▶ SUPPLIED MATERIAL
════════════════════

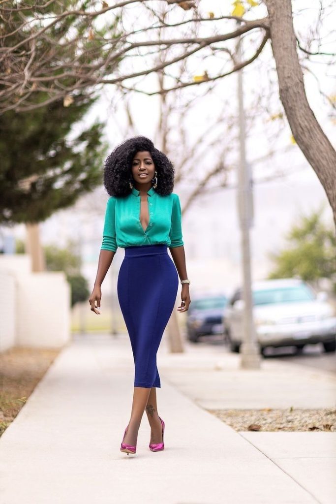 A deep navy blue pencil skirt with a high-waisted fit complements a rich emerald silk blouse, creating an effortlessly classy ensemble. The form-fitting skirt elongates the legs, while the blouse adds fluidity to the look. Paired with pink heels, the unexpected color pop elevates the style.
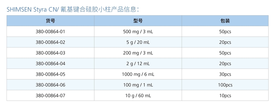 氰基键合硅胶小柱,既具有非极性的相互作用力,也同时具备极性相互作用力,适用于使用C18与C8或使用SI很难洗脱的化合物。
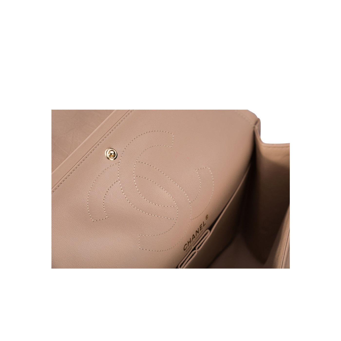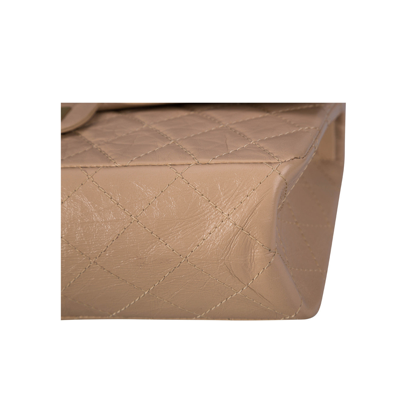For timeless Parisian-chic there is no better investment than a Chanel classic flap bag, and this 2.55 re-issue is classic and stunning bag. Under the creative direction of Karl Lagerfeld, Chanel have continued to create these flawlessly crafted handbags which last a lifetime. This one is beige, crafted out of lambskin, with gold tone hardware and the classic re-issue twist lock. This bag can be worn with any outfit and in any season, it is a true investment piece.
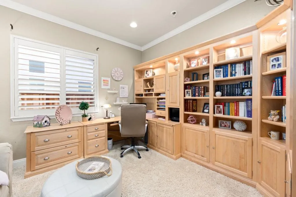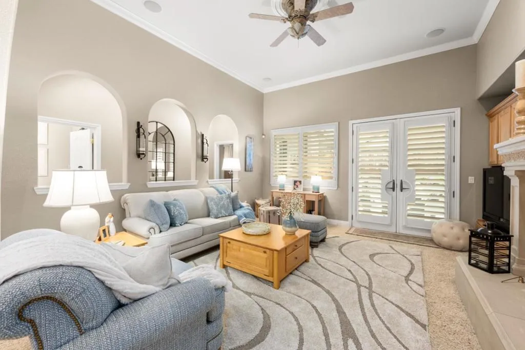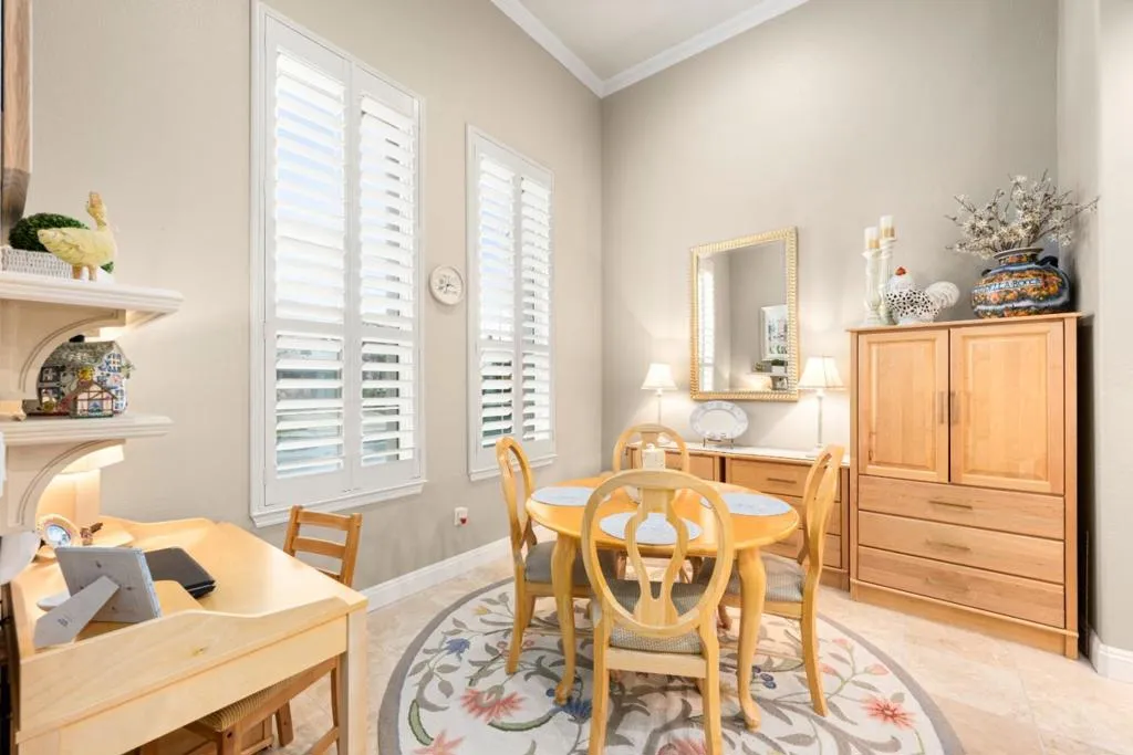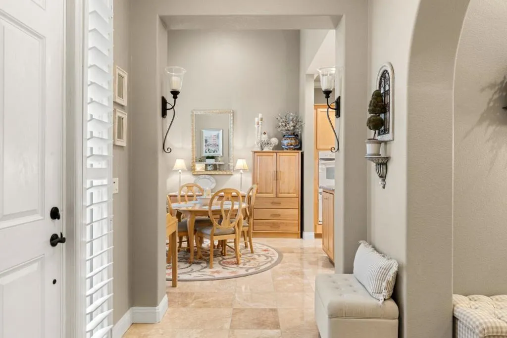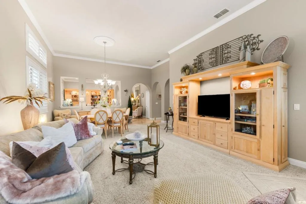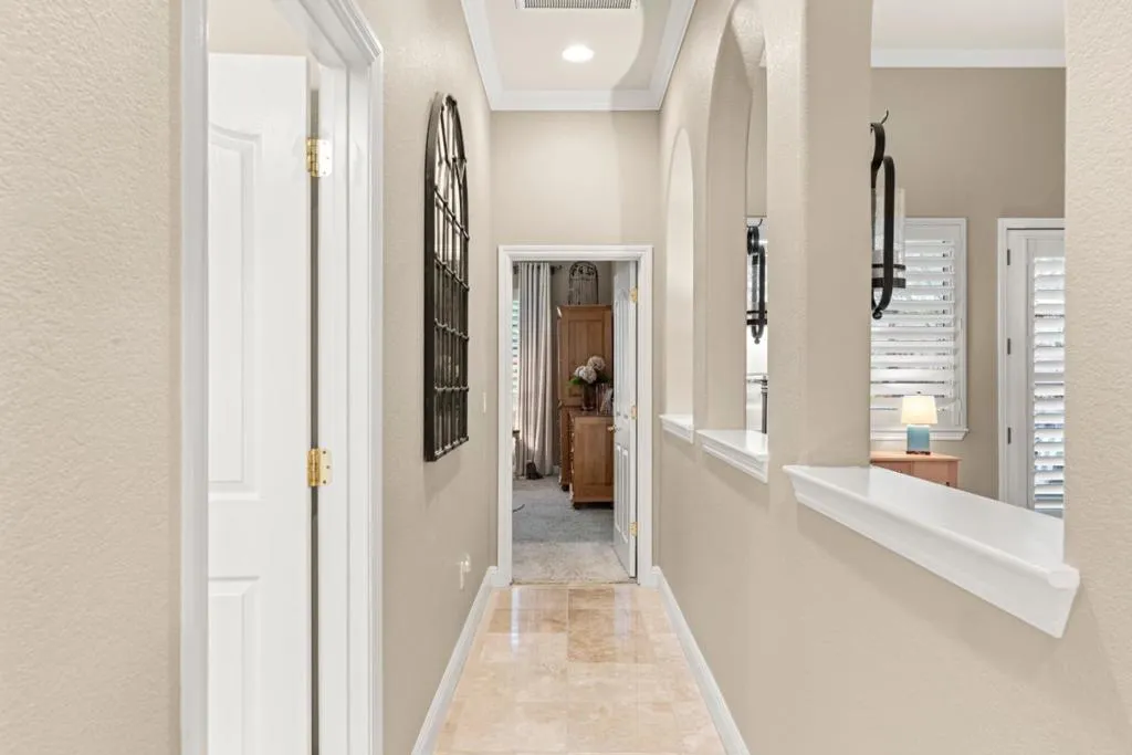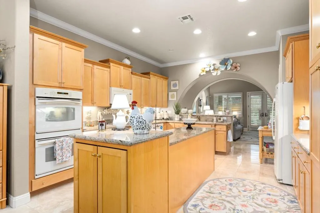 Set in the sought-after Heritage Park 55+ community, this Pacifica model welcomes you with a timeless stone-accent elevation, designer entry, and manicured landscaping that instantly feels done right. Inside, natural light pours through wide plantation shutters and tall windows, highlighting crown molding throughout, 4-inch baseboards, and elegant travertine flooring that carries the home with a clean, upscale finish. The heart of the home is the spacious kitchen, rich natural maple cabinetry, granite countertops, a large center island, and coordinated bisque appliances including double ovens. The layout flows into the comfortable family room with a cozy fireplace, while French doors off the family room, living room, and primary suite create seamless indoor-outdoor living. Step outside to a private, low-maintenance retreat featuring turf lawn, a tranquil waterfall and pond, a large equipment shed, and a built-in barbecue; ideal for relaxing afternoons and effortless hosting. A standout garage with epoxy flooring, full perimeter cabinetry, dual closets (including a cedar closet), plus a workbench with Formica countertop. A rare combination of quality, comfort, and thoughtful upgrades in one of Natomas premier active-adult communities.

════════════════════

▶ WORK TO BE COMPLETED
Please provide a faithful transcription of all the data, pictures excluded.

▶ TASK ANSWER
 A deep navy blue pencil skirt with a high-waisted fit complements a rich emerald silk blouse, creating an effortlessly classy ensemble. The form-fitting skirt elongates the legs, while the blouse adds fluidity to the look. Paired with pink heels, the unexpected color pop elevates the style.
 氰基键合硅胶小柱,既具有非极性的相互作用力,也同时具备极性相互作用力,适用于使用C18与C8或使用SI很难洗脱的化合物。
For timeless Parisian-chic there is no better investment than a Chanel classic flap bag, and this 2.55 re-issue is classic and stunning bag. Under the creative direction of Karl Lagerfeld, Chanel have continued to create these flawlessly crafted handbags which last a lifetime. This one is beige, crafted out of lambskin, with gold tone hardware and the classic re-issue twist lock. This bag can be worn with any outfit and in any season, it is a true investment piece.
 Set in the sought-after Heritage Park 55+ community, this Pacifica model welcomes you with a timeless stone-accent elevation, designer entry, and manicured landscaping that instantly feels done right. Inside, natural light pours through wide plantation shutters and tall windows, highlighting crown molding throughout, 4-inch baseboards, and elegant travertine flooring that carries the home with a clean, upscale finish. The heart of the home is the spacious kitchen, rich natural maple cabinetry, granite countertops, a large center island, and coordinated bisque appliances including double ovens. The layout flows into the comfortable family room with a cozy fireplace, while French doors off the family room, living room, and primary suite create seamless indoor-outdoor living. Step outside to a private, low-maintenance retreat featuring turf lawn, a tranquil waterfall and pond, a large equipment shed, and a built-in barbecue; ideal for relaxing afternoons and effortless hosting. A standout garage with epoxy flooring, full perimeter cabinetry, dual closets (including a cedar closet), plus a workbench with Formica countertop. A rare combination of quality, comfort, and thoughtful upgrades in one of Natomas premier active-adult communities.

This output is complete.